From the G. Schirmer Inc. Associated Music Publishers website I was reading about Joan Tower, one of the most important American composers living today. Tower became the first woman to receive the Grawemeyer Award for Silver Ladders, composed for the St. Louis Symphony in 1990.
Tower’s oeuvre includes approximately 100 compositions, from Breakfast Rhythms (1974) to Wild Purple, written for the violist Paul Neubauer, who premiered the work at Merkin Concert Hall in 1998. Tower thought of the viola sound as purple. “Its deep resonant and luscious timbre,” Tower observed, “seems to embody all kinds of hues of purple.” She had not thought of the viola as being particularly wild; therefore, she decided to see about composing a piece that had, in her words, “wild energy in it.” WP met the challenge of creating a piece for solo viola.
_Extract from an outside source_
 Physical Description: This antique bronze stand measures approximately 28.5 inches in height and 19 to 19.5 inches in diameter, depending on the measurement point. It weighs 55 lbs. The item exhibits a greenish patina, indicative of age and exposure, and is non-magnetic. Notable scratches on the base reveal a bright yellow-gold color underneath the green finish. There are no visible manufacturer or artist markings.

Our choice of words and the way we say them should have wild energy, as it were. Use the following wild energy words this week.
1. burgeon (BURR-juhn)
A. to grow or develop quickly
B. to become cold
C. to glow
D. to cut
My students have burgeoned into fine public speakers. Burgeon can be used as a verb without an object, a verb with an object, and a noun.
2. carte blanche (cart BLANCHE)
A. unrestricted authority; complete discretionary power
B. windfall
C. romantic song
D. purplish
The name of the protagonist in Tennessee Williams’s A Streetcar Named Desire reminded me of this word. I say “blanche” in cart blanche like I say the name Blanche as Miss Dubois’s first name. A is the answer. Example: The church gave the pastor carte blanche in choosing the Sunday School director and teachers.
3. churlish (CHUR-lish)
A. having a cheerful disposition
B. having a bad disposition
C. quick to talk about church activities
D. ridiculous
Give the “ch” in churlish the same sound as you give the “ch” in church. Aside from B, churlish means of, like, or befitting a churl. Churlish is not just applied to people, but to anything hard to work with. Amy had trouble with the churlish soil.
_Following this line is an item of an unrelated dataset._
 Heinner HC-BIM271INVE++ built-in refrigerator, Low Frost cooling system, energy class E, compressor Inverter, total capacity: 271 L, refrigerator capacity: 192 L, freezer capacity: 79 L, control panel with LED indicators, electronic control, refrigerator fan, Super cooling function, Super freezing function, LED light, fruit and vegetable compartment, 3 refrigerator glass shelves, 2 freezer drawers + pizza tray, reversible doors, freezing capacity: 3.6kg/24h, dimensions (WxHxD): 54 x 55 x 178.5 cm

4. querulous (QUARE-uh-lus)
A. contented
B. discontented
Let that first syllable in querulous rhyme with “hair.” Use querulous to describe someone who complains. If something or someone is characterized by or expressed in complaint, he or it is querulous.
5. enigma (uh-NIG-muh)
A. free form
B. clarity in speaking and writing
C. something hard to understand or explain
D. a distinguishing mark or sign
Aside from C, an enigma is a mysterious or inscrutable person.
Last week’s mystery word is one to describe someone given to excessive or incessant laughter. The laughing philosopher was a native of a Thracian town, and the town’s name, Abdera, is where the mystery word, abderian, came.
The first three letters in the last name of the one who composed the Bridal March is this week’s mystery word. The noun form means a humorous or jocular person.